読売新聞 / 2025年1月14日 5時0分

 半世紀にわたる恐怖政治からは解放されたものの、独裁と内戦で深まった社会の分断を克服するのは容易ではない。

 暫定政権はまずは暴力と決別し、国民の融和を図らなければならない。

 シリアでアサド政権が崩壊してから1か月が過ぎた。政権を倒した武装勢力は暫定政権を組織し、閣僚を任命するなど新体制作りを本格化させている。
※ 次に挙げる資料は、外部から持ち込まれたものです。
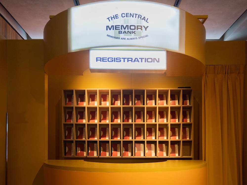 โซนที่ 1: Registration - จุดลงทะเบียนสไตล์วินเทจที่รอต้อนรับผู้มาเยือน โดยทุกคนจะได้รับ “Memory Book Bank” สมุดจดบันทึกความทรงจำเล่มสวยพร้อมสติกเกอร์รูปไอเทมที่ชวนให้นึกถึงวัยเด็ก ที่จัดทำขึ้นเป็นพิเศษสำหรับนิทรรศการในครั้งนี้ เพื่อนำไปบันทึกความทรงจำที่ประทับใจภายในงาน

 しかし、内戦は終結したとはいえ、北東部では米軍と連携するクルド人勢力と、トルコが支援する勢力の戦闘が続く。国全体の暴力停止と統合はなお見通せない。

 国民の間に残る相互不信が、統合を阻む要因となっている。

 シリア国民の多くはイスラム教徒のアラブ人だが、クルド人やキリスト教を信仰するアルメニア人もいる。国造りや新たな憲法制定にあたっては、民族、宗教などを理由とする差別禁止や、女性の権利尊重を基本に置くべきだ。

 政権崩壊後、かつて処刑された政治犯の集団埋葬地が各地で発見されるなど、独裁体制下の暗部が明らかになった。2011年からの内戦で行方不明になった人は約15万人という。アサド政権の非道ぶりに改めて慄然りつぜんとする。

 弾圧の責任追及を求める国民の声を踏まえ、暫定政権は「特別法廷」の設置を決めた。恐怖政治の蛮行を明らかにし、公正な裁きを下すことで、法の支配を確立することが求められる。

 内戦で荒廃した国土の復興には、国際社会の支援が不可欠である。だが、暫定政権の主体は、自爆攻撃や拉致を繰り返したイスラム過激派が源流の「シャーム解放機構(HTS)」で、米国などはテロ組織に指定している。

 米欧などはアサド政権に対し、テロ支援を理由に経済制裁を科してきた。国際社会は、HTSを主体とする暫定政権が平和的に統治を進められるかを慎重に見極めながら、制裁やテロ組織指定の解除を検討すべきだ。

 シリアの体制転換で、中東の力学は一変した。アサド政権を支えてきたロシアとイランの影響力が弱まり、両国からの穀物やエネルギーの供給も停止したという。このため、国民生活の困窮が懸念される状況にある。

 暫定政権の外相はサウジアラビアなどのアラブ諸国を訪ね、支援を要請している。平和を取り戻しつつあるシリアが生活不安などから混乱に逆戻りしないよう、関係国は、本格的な制裁解除とは別に緊急支援を始めるべきだろう。